En séance, elle change les règles de certains jeux, prenant appui sur ses propres signifiants, faisant ressortir le versant jouissance de ses productions langagières. Elle s’amuse en intervertissant le b et d, joue avec la matière sonore, au-delà du sens. Toujours par le truchement du jeu et de l’écrit, elle rédige des règles pour me faire faire des gages. Je ne m’y plie pas toujours, prétextant parfois que c’est bien trop difficile ou que je suis fatiguée etc. J’accueille ce qu’elle produit et le lis à partir d’une Clinique ironique[6] au sens où ce qui compte c’est la jouissance, l’Autre est un semblant. Elle s’en amuse beaucoup, teste les limites, cherche s’il y a une raison à mes acceptations ou mes refus et me demande qu’on échange les rôles. Avoir affaire à un Autre qui peut supporter la castration, c’est-à-dire qui peut se montrer pas complet, manquant, lui permet de mettre au travail de nouvelles questions – dont celle du manque – sa position sexuée se construisant peu à peu.

 

 

 

 

 

[1] Lacan J., Le Séminaire, livre XXI, « Les non-dupes errent », leçon du 12 mars 1974, inédit.
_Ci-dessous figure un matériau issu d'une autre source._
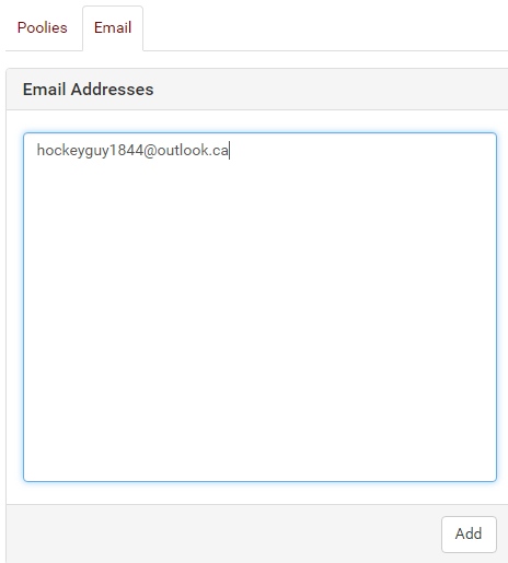 3. To add poolies that haven't participated in a past pool, click on the "Email" tab, type in the email address(es), and click "Add"

[2] Daniel Roy, « Une différence, des différences », conférence lors de la soirée clinique du Forda « Fille, Garçon, Ça sert ? Ça serre ? La différence sexuelle dans la clinique avec les enfants », Paris, 28 novembre 2019, inédite.

[3] Miller J.-A., « L'enfant et le savoir », La petite girafe, Volume 1, Peurs d'enfants, Navarin éditeur, 2011, p. 19.

[4] Sokolowsky L., Damase H., argument de la JIE6, Zappeur du 12 février 2020.

[5] Lacan J., Le Séminaire, livre XXI, « Les non-dupes errent », leçon du 19 février 1974, inédit.

[6] Cf. Miller J.-A., « Clinique ironique », Revue de la Cause freudienne no 23, février 1993.